Let me get to the point here. I'm not going all deep into the rights and wrongs of UK property prices, or the cost of living in developed countries. No, my point is to show off a funky shower I bought.

If sex can be associated with it, then you'll find a sexed version in SL. Sex Table, Sex Piano, Sex chair, Sex Car, Sex toilet!! I guess some peoples FLs are quite lonely so they use their SL to create items they wish they could use in RL. My shower looks really funky, but predictably its also sexed up to the mildew with dirty animations. As with all dirty objects, you have a little play about with it and have a laugh at the positions. The first time i played with a sex bed I couldn't stop laughing. My shower was simpler though. It was simple, hugging poses, sex poses and oral poses. Not much imagination, but this is a shower after all and injuries can happen in wet areas (the floor!!!).

What use is a sex shower without someone to share it with? Not much use really! I showed friends when giving them a guided tour of the house, but I just showed them the shower working as a shower. I had to try my shower out with another person!! Cue "Nude". "Nude" was a friend I'd met somewhere in SL - i forget exactly where - and we'd been to a house party the night before where we all got a little carried away. We'd already seen each 'others', so what harm becoming casual f**k buddies for when one of us buys something filthy.

Being evil, rather than asking "Nude" if he wanted to **** in the shower, I just teleported him to my bathroom as I was in the shower getting clean. Like most men, he didn't need much convincing to jump in.

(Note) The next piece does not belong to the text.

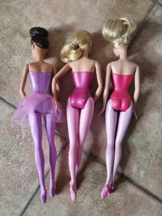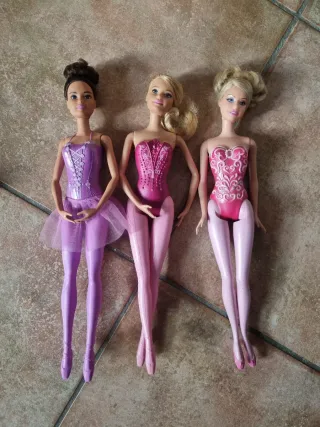 Lotto composto da tre bambole Barbie in versione ballerina. Le bambole indossano abiti eleganti e colorati. - Tre bambole Barbie incluse. - Abiti da ballerina. - Colori vivaci.

And so "Battle commenced". The shower was fantastic! It was great for a giggle, but I imagine if you were deeply in SL love then you could possibly share a romantic session with someone else as millions of pixels form into a virtual reality blow job. The thought of having a virtual honeymoon on some SL romantic island before retiring to the bedroom for several hours poseball abuse just makes me want to get married. Actually, no it doesn't!

Blob over to the Isle of Horses, break into my house and you'll find the bathroom on the top floor. There is no toilet, so if you want a #1 or #2 you have to go in the sea - ideally so it drifts away from the land. The shower and all its wetness is there though. If I catch anyone using it without me being in there then i'll call the Ghostbusters.

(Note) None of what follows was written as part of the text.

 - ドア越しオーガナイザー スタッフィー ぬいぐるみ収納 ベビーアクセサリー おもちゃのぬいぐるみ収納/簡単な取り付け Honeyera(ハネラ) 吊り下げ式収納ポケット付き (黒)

Here, for your perversion and my exhibitionism, are photos of myself and "nude" testing my shower. These are printed with his permission... actually that isn't true, I had his permission to post a much worse photo from the night before, so he's getting off lightly here :)





I do feel the need to add that apart from a few moments when the second photograph was taken, the curtains were closed throughout! I think the entire scene looks rather romantic as well. Sure, you haven't seen the other more graphic photos of us, but in the right lighting its a love making shower, not just a sex shower. The same cannot be said for most SL sex items.

4 comments:

Anonymous said...

Showers. Hmm.

Check the grouting, and if you need a tiler make sure' he's reliabled.

Yeah.

Horses Morrisey said...

The lack of wall tiles is a concern, but i'm more concerned about the possible damp from having no curtain or glass around the shower AND having carpets down in the bathroom. Its a haven for germs to breed.

Anonymous said...

Horses, darling, I thought I'd give your shower a test myself...

http://www.freeporntimes.com/second-life-blog/self-sex-in-the-horses-box

;)

Horses Morrisey said...

I'm glad you enjoyed it but you left the water running. Have you any idea how much my next utilities bill is going to be now!